The easiest and most powerful way to get started is to download the API Platform distribution
I downloaded the release 2.5.6 in which we can find:
a docker-compose
a Dockerfile
a Caddyfile
and many others files.
docker-compose
I slightly change the docker compose file by removing the pwa service and PostgreSQL:
version: "3.4"
services:
php:
build:
context: ./api
target: api_platform_php
restart: unless-stopped
env_file:
- api/.env
volumes:
- php_socket:/var/run/php
healthcheck:
interval: 10s
timeout: 3s
retries: 3
start_period: 30s
caddy:
build:
context: api/
target: api_platform_caddy
env_file:
- api/.env
depends_on:
- php
environment:
MERCURE_PUBLISHER_JWT_KEY: ${MERCURE_PUBLISHER_JWT_KEY:-!ChangeMe!}
MERCURE_SUBSCRIBER_JWT_KEY: ${MERCURE_SUBSCRIBER_JWT_KEY:-!ChangeMe!}
restart: unless-stopped
volumes:
- php_socket:/var/run/php
- caddy_data:/data
- caddy_config:/config
ports:
# HTTP
- target: 80
published: 80
protocol: tcp
# HTTPS
- target: 443
published: 443
protocol: tcp
# HTTP/3
- target: 443
published: 443
protocol: udp
volumes:
php_socket:
caddy_data:
caddy_config:
Dockerfile
No changes
Caddyfile
Slight change by commenting the line reverse_proxy #pwa http://{$PWA_UPSTREAM}
{
# Debug
{$DEBUG}
# HTTP/3 support
servers {
protocol {
experimental_http3
}
}
}
{$SERVER_NAME}
log
# Matches requests for HTML documents, for static files and for Next.js files,
# except for known API paths and paths with extensions handled by API Platform
#pwa expression `(
{header.Accept}.matches("\\btext/html\\b")

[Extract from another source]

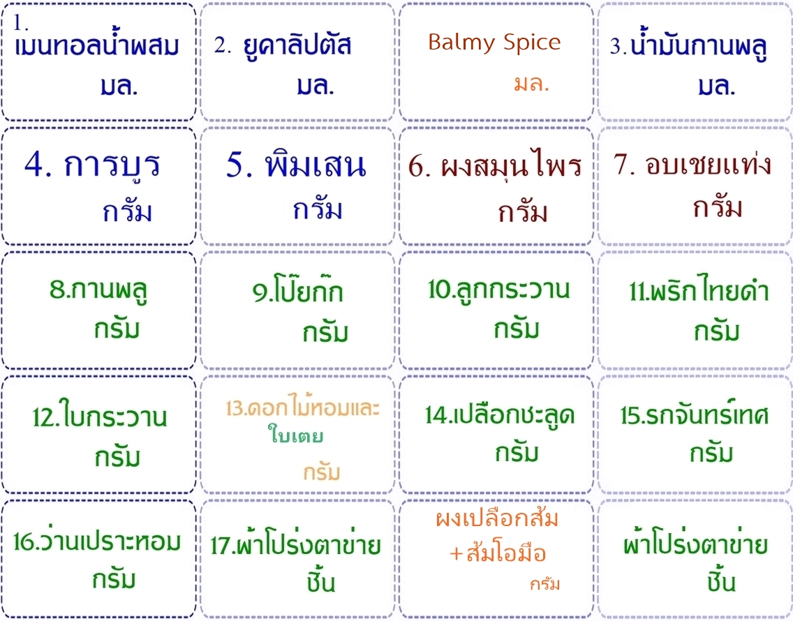 อบเชย การบูร พิมเสน เมนทอล และอื่นๆ มาผสมกันแล้วหมักด้วยน้ำมันหอมระเหย

&& !{path}.matches("(?i)(?:^/docs|^/graphql|^/bundles/|^/_profiler|^/_wdt|\\.(?:json|html$|csv$|ya?ml$|xml$))")
)
|| {path} == "/favicon.ico"
|| {path} == "/manifest.json"
|| {path} == "/robots.txt"
|| {path}.startsWith("/_next")
|| {path}.startsWith("/sitemap")`
route {
root * /srv/api/public
mercure {
# Transport to use (default to Bolt)
transport_url {$MERCURE_TRANSPORT_URL:bolt:///data/mercure.db}
# Publisher JWT key
publisher_jwt {env.MERCURE_PUBLISHER_JWT_KEY} {env.MERCURE_PUBLISHER_JWT_ALG}
# Subscriber JWT key
subscriber_jwt {env.MERCURE_SUBSCRIBER_JWT_KEY} {env.MERCURE_SUBSCRIBER_JWT_ALG}
# Allow anonymous subscribers (double-check that it's what you want)
anonymous
# Enable the subscription API (double-check that it's what you want)
subscriptions
# Extra directives
{$MERCURE_EXTRA_DIRECTIVES}
}
vulcain
push
# Add links to the API docs and to the Mercure Hub if not set explicitly (e.g. the PWA)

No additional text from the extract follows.